5:32 PM, February 09, 2006  
Blogger T.B. Vick said...

Mowens,
yes, that helps a bit. It makes sense that Paul would be correcting their views about the resurrection (or their rejection of it) - this also makes sense in light of his audience being mostly pagan, since most pagans (in that century) rejected a notion of resurrection to begin with.

It also helps in light of "the gospel" Paul is preaching since it hinges on the resurrection of Christ (v.17).

So this is corrective on Paul's part and should not be taken as a message to the Corinthians as to what they need to do in order to be "saved."

I also agree with Chris, that Paul is refering to the Hebrew text, but not in a proof-text fashion (as certain scholars seem to think).

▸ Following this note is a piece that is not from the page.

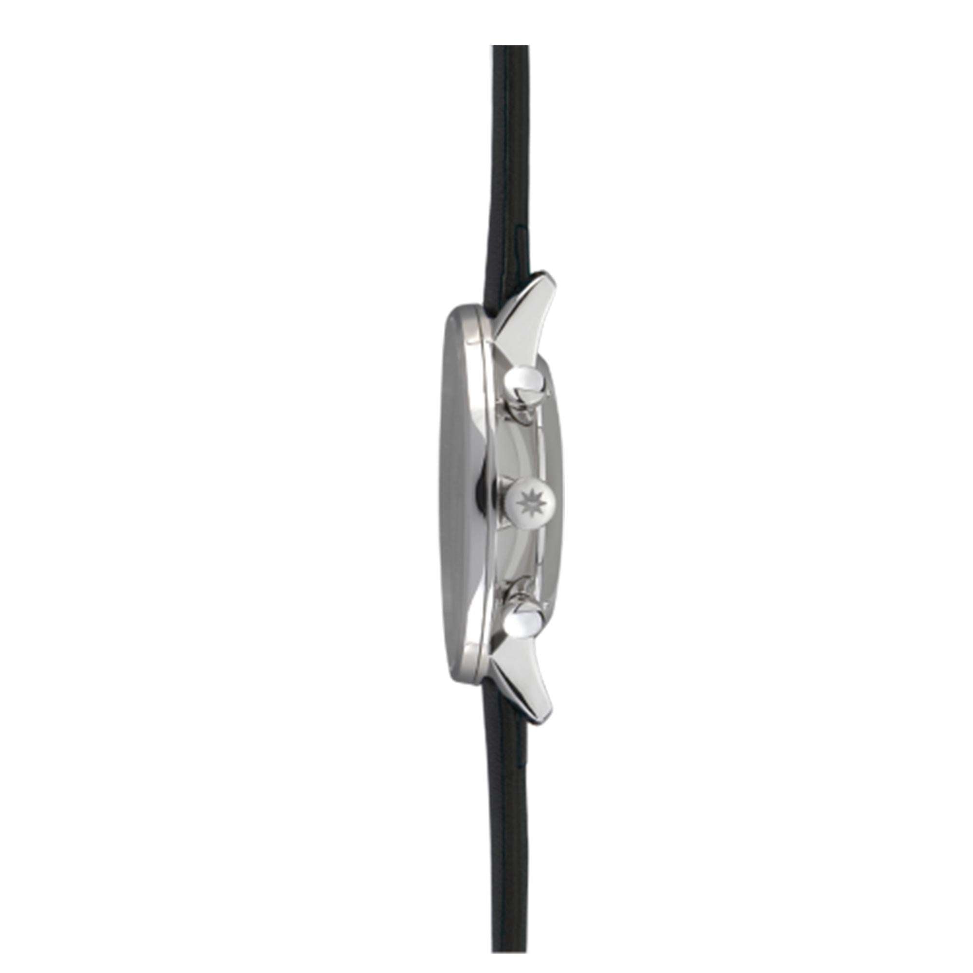 The silver dial is housed inside a silver stainless steel case. The back of the case features a screwed design which means that the watch’s water-resistance is ensured over a longer time. The crown, of which can be seen at the 3 o’clock position, then screws into the thread of the tube and gaskets are fitted to further enhance water-resistance. Guarding the crown are two buttons either side which are used to access the watches chronograph function. All in all, the case measures at a diameter of 40mm which complements the sleek height of just 10.5mm. Sat inline with the case is sapphire crystal glass which allows for both a clear view and a resistance to any potential knocks and bumps.

6:34 PM, February 09, 2006  
Blogger Jeremy Weaver said...

I believe Paul is correcting the Corinthians on the issue of the resurrection of the body, and to do so he lays out the Gospel as he had received it as an
Apostle of Jesus Christ (which may also be strength for his argument, since Apostleship is based on being comissioned by the resurrected Christ) for his foundation.

As if I know anything.

8:33 AM, February 10, 2006  
Blogger T.B. Vick said...

Doxoblogist,
I agree. That is pretty much what Mowens said above. I have been doing some research in First Corinthians and when I got to this passage is stuck out like a sore thumb.

Several of the people I had read declared that the passage was Paul declaring to the Corinthians what they needed to do to be "saved." This just did not seem like an accurate interpretation.

Paul had been correcting so much up to this point that when I reached these passages I knew he was setting up for something (some kind of further correction). However, to suddenly restate the gospel that he declared he had already preached to them seemed a bit odd, prima facie, but in the context I see what Paul was getting at.

When I read N.T. Wright he declared that Paul was correcting the Corinthians inside the same framework he had been correcting them, only reiterating the gospel he had preached to them prior in order emphasize the bodily resurrection of Christ. This I agree with.

So. . . thanks to everyone for the comments . . . they helped confirm what I was thinking all along!